◆ TASK TO COMPLETE:
Number of lines below with the word "solid": state it and write nothing more.

Data items

──────────────────────────────

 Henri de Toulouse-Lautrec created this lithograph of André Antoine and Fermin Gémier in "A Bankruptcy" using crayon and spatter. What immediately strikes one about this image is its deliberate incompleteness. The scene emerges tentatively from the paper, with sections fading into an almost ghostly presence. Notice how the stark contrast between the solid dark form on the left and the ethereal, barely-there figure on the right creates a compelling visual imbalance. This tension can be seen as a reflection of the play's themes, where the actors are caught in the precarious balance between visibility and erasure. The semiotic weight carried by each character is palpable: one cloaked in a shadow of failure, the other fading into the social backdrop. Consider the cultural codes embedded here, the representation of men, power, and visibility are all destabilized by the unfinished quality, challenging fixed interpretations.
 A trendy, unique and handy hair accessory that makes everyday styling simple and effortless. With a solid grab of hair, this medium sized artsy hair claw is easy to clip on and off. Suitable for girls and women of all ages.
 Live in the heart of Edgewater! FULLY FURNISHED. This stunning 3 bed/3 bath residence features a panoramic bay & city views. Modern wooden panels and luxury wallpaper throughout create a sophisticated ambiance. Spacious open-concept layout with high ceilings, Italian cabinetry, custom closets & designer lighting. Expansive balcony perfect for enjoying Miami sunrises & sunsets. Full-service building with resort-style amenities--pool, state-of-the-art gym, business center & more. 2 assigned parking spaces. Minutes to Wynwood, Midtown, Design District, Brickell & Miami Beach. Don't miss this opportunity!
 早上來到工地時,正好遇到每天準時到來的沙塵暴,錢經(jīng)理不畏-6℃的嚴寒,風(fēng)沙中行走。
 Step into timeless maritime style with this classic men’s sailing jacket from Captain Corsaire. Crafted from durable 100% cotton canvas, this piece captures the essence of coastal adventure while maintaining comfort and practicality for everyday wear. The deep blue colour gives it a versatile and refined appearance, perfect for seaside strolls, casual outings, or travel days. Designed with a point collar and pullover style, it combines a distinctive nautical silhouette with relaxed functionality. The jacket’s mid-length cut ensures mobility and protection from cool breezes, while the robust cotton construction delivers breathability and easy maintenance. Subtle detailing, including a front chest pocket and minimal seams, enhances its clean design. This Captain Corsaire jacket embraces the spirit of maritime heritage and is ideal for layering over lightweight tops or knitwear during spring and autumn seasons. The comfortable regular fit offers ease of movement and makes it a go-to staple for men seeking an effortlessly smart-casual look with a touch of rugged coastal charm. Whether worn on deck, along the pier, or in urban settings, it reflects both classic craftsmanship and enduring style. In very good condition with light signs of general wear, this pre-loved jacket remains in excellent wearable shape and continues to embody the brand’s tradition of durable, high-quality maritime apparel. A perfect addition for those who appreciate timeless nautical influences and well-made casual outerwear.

──────────────────────────────

◆ RESULT OF THIS EXERCISE:
2